1929 film by Marshall Neilan

The Vagabond Lover is a 1929 American pre-Code black-and-white musical comedy-drama film about a small-town boy who finds fame and romance when he joins a dance band. The film was directed by Marshall Neilan and is based on the novel of the same name written by James Ashmore Creelman, who also wrote the screenplay. It stars Rudy Vallee, in his first feature film, along with Sally Blane, Marie Dressler and Charles Sellon.
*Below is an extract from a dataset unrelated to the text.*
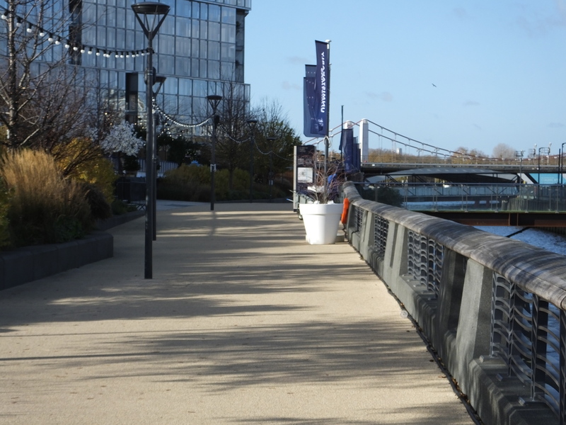 Having walked inland to turn right you pass a flower bed to the right. Here on the ground are two metal strips marking the entrance to Topping’s Wharf.

The film premiered in New York City on November 26, 1929, and was released widely on December 1. A DVD version was released on March 29, 2005. The Vagabond Lover is an early example of a vehicle created for a popular music star, in a style echoed by later films such as Jailhouse Rock with Elvis Presley and A Hard Day's Night with the Beatles.

==Plot==
Rudy Bronson is a senior in a small college in the Midwest who completes a correspondence course in the saxophone given by the nationally known Ted Grant. Bronson and his friends form a band but have difficulty finding work. Believing that Grant will help them land professional jobs, the band heads to his Long Island home. They pester Grant for an interview so relentlessly that Grant and his manager must escape to New York City until Bronson finally relents and returns home.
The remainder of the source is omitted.